Weight initialization plays a critical role in training deep neural networks, as it directly affects how signals and gradients flow through the model. A good initialization strategy can dramatically accelerate convergence and improve final performance by avoiding two notorious problems:

Vanishing Gradients: In backpropagation, gradients flow from the output layer back toward the input. If weights are initialized too small, or if activation functions squash their inputs into narrow ranges, these gradients shrink exponentially with each layer. As a result, updates become negligible, lower layers learn almost nothing, and training stalls or proceeds at a crawl.

This issue is especially acute with sigmoid or tanh activations, which saturate for large positive or negative inputs (their derivatives approach zero).

Exploding Gradients: At the other extreme, initializing weights too large can amplify gradients as they propagate backward. This can lead to unstable weight updates with excessively large parameter steps and may cause numerical overflow and divergence of the training process. Exploding gradients often surface in very deep models or recurrent architectures when initial weights have high variance.

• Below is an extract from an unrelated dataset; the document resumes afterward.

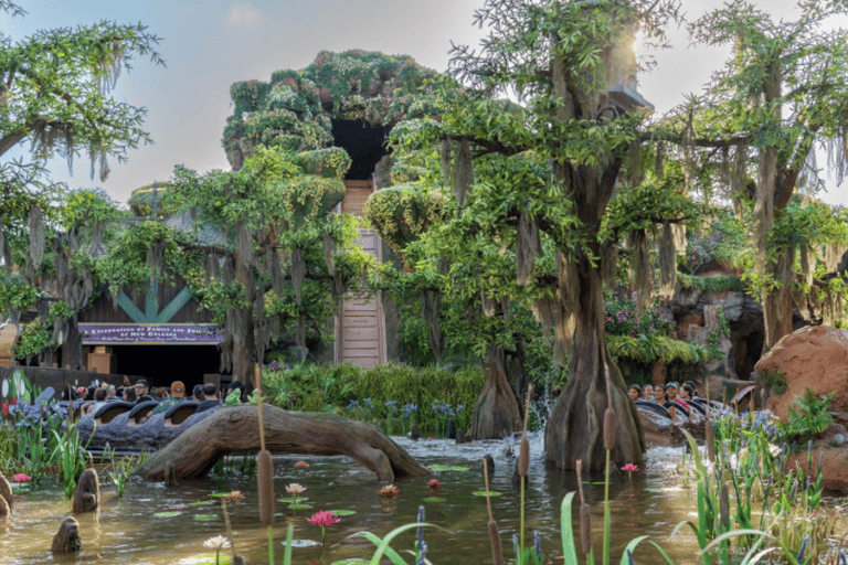 It's pouring rain, and you're already soaked from head to toe. So why not hop on a water ride? The log flume attraction invites guests into Princess Tiana's vibrant New Orleans world, complete with joyful music, lush bayou scenes, and a heartwarming storyline about community and celebration. As you float along the outdoor sections in light rain, the drops blend seamlessly with the mist, and the scent of wet wood and greenery fills the air. It feels authentic-like a Louisiana rainstorm just rolled through the bayou.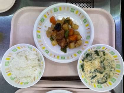 今日の給食は、ごはん、酢豚、にらたまスープ、牛乳です。

To address these issues, weight initialization strategies are designed to ensure that gradients neither vanish nor explode. Some common approaches include:

  • Xavier (Glorot) Initialization: This method initializes weights by drawing from a distribution with zero mean and variance inversely proportional to the number of input and output units. It is particularly effective for activation functions like sigmoid and tanh, as it helps maintain the variance of activations and gradients across layers.

  • He Initialization: Specifically designed for ReLU (Rectified Linear Unit) activation functions, He initialization draws weights from a distribution with variance proportional to the number of input units. This approach helps mitigate the issue of vanishing gradients in networks using ReLU activations.